Exercise directions. Copy out only the lines running from the one that contains "On craque pour" through the end of the listing. Pictures stay out.

Provided material.
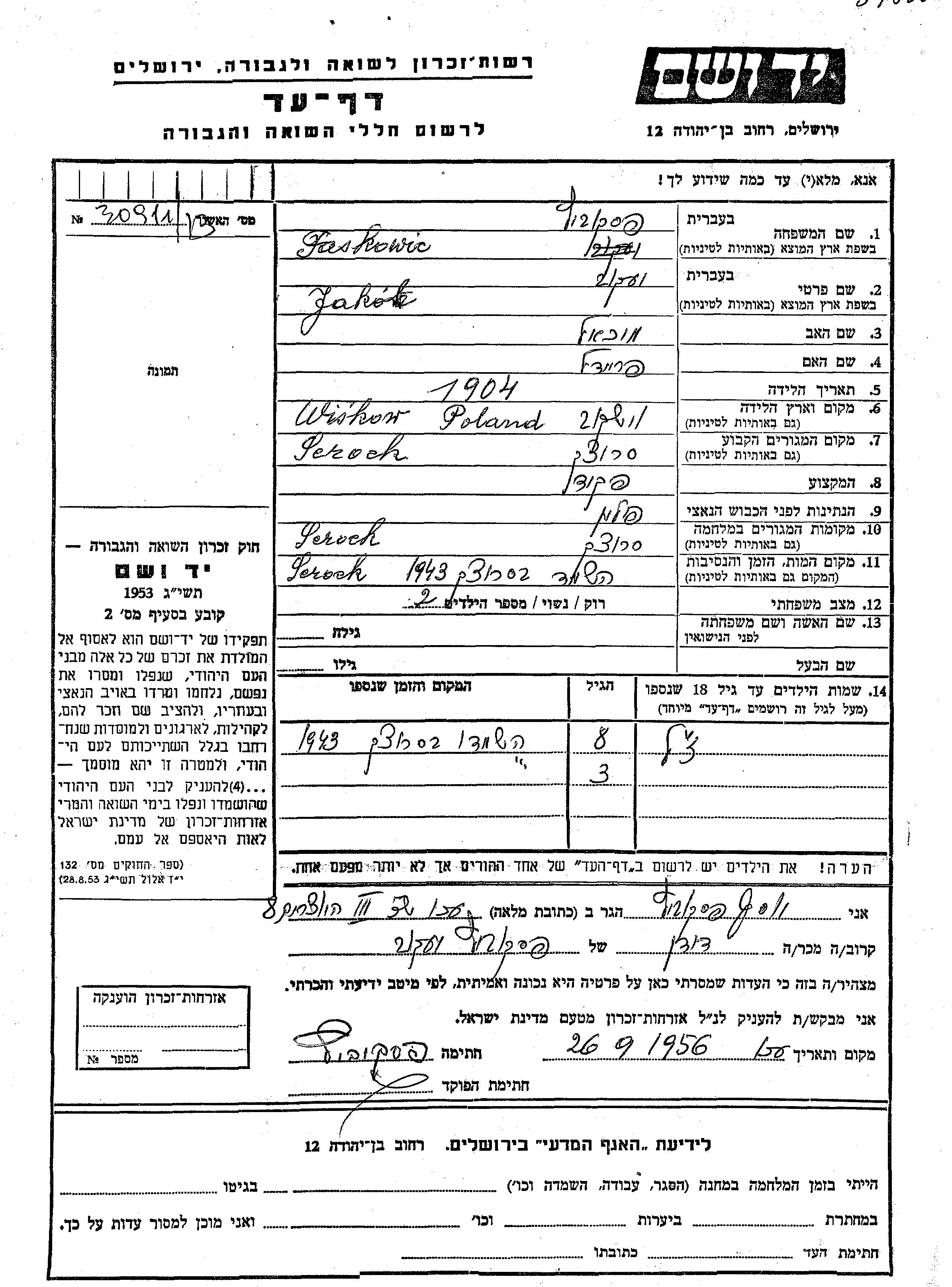 Vorname unbekannt Faskowic Paskovitz wurde Er/sie war der/ die Sohn/Tochter von Jakob. Er/Sie war Kind. Vor dem Zweiten Weltkrieg er/sie in Serock, Polen. Während des Krieges war er/sie in Serock, Polen.
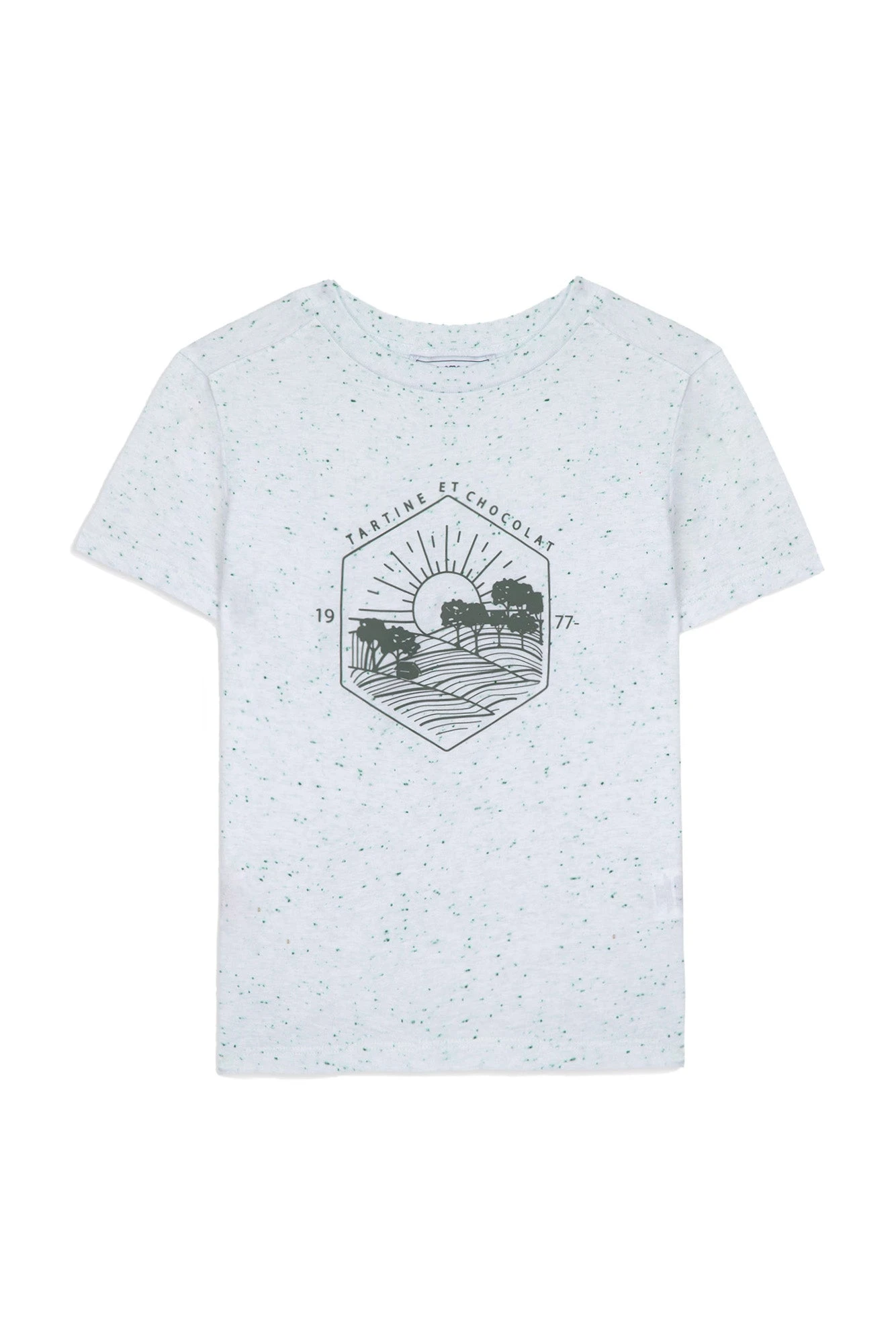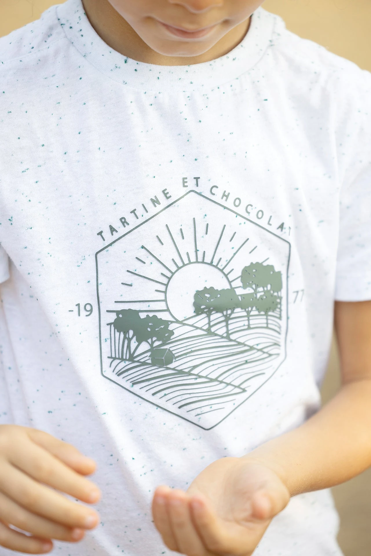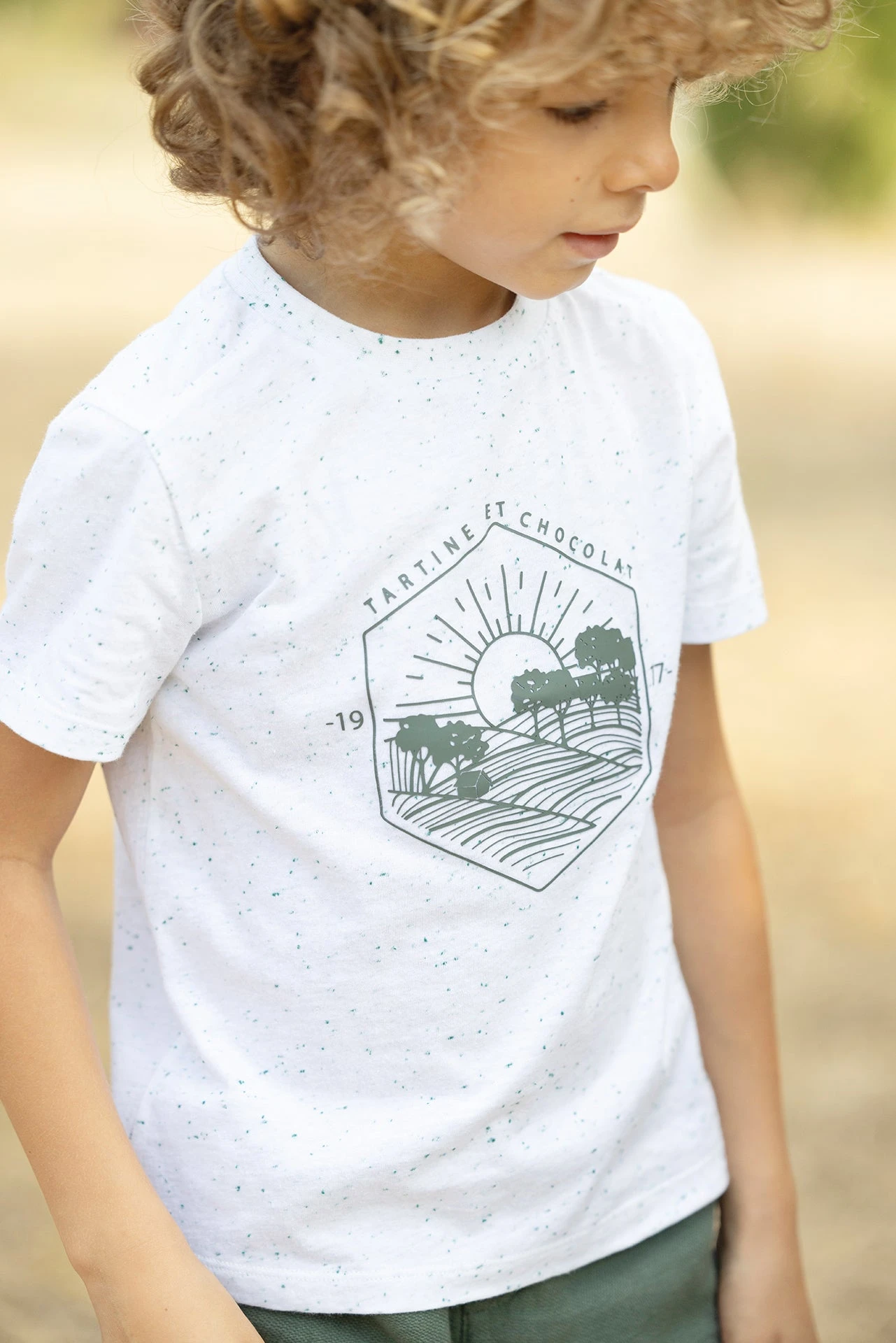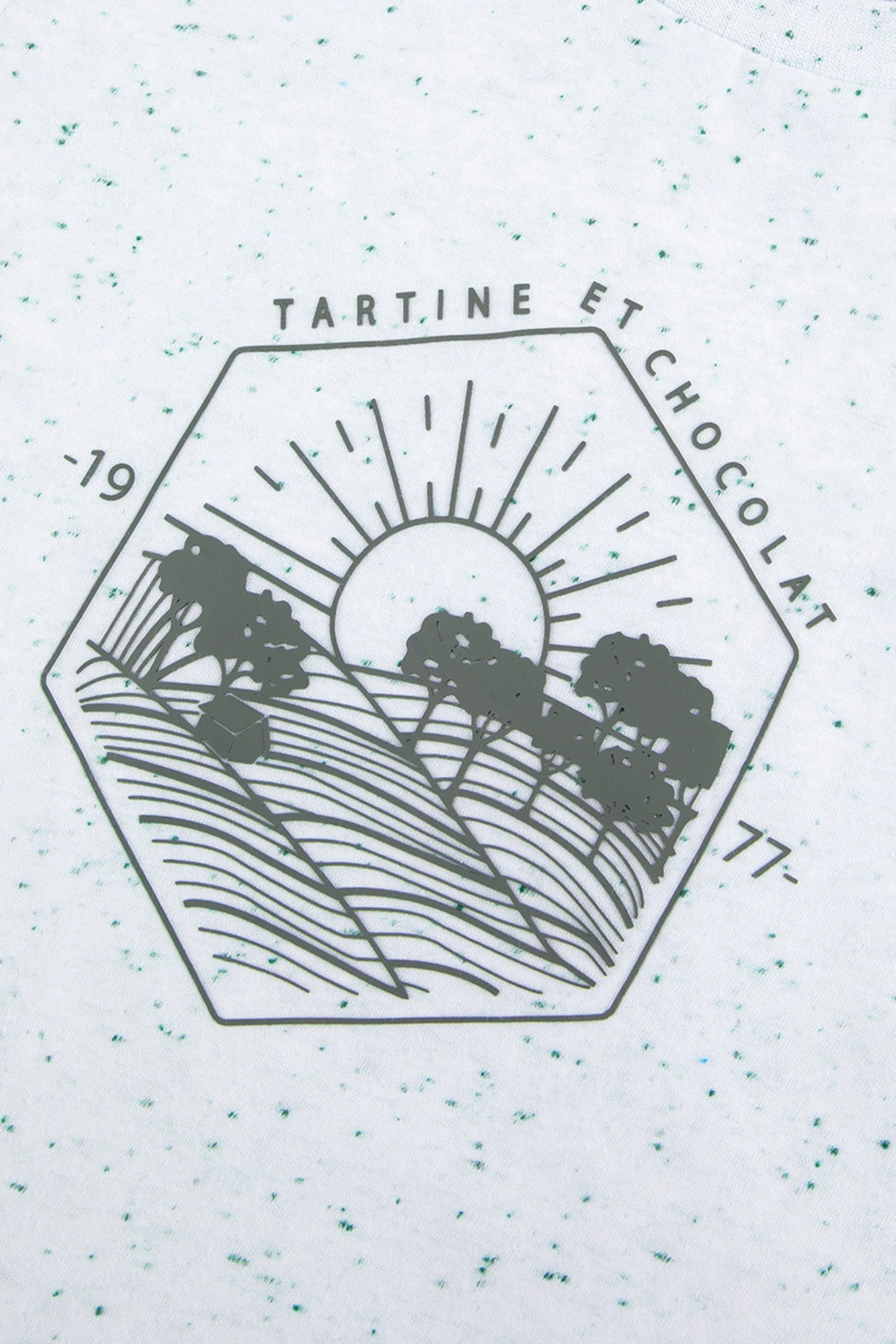 On craque pour cet adorable t-shirt blanc et son illustration champ, parfait pour encourager nos passionnés de nature. Aussi confortable qu’élégant grâce à sa matière en coton et à sa signature Tartine et Chocolat à l’avant, ce t-shirt est un incontournable du dressing du petit garçon. On se plaît à l’accorder à un short de la même collection.
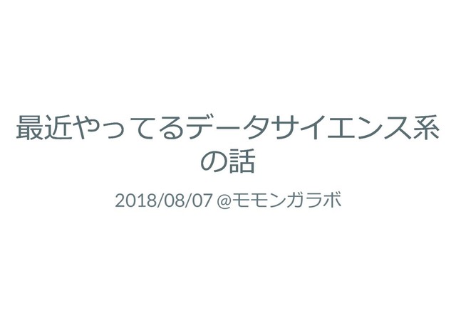 最近やってるデータサイエンス系 最近やってるデータサイエンス系 の話 の話 2018/08/07 @モモンガラボ

Result for this exercise.
 On craque pour cet adorable t-shirt blanc et son illustration champ, parfait pour encourager nos passionnés de nature. Aussi confortable qu’élégant grâce à sa matière en coton et à sa signature Tartine et Chocolat à l’avant, ce t-shirt est un incontournable du dressing du petit garçon. On se plaît à l’accorder à un short de la même collection.
 最近やってるデータサイエンス系 最近やってるデータサイエンス系 の話 の話 2018/08/07 @モモンガラボ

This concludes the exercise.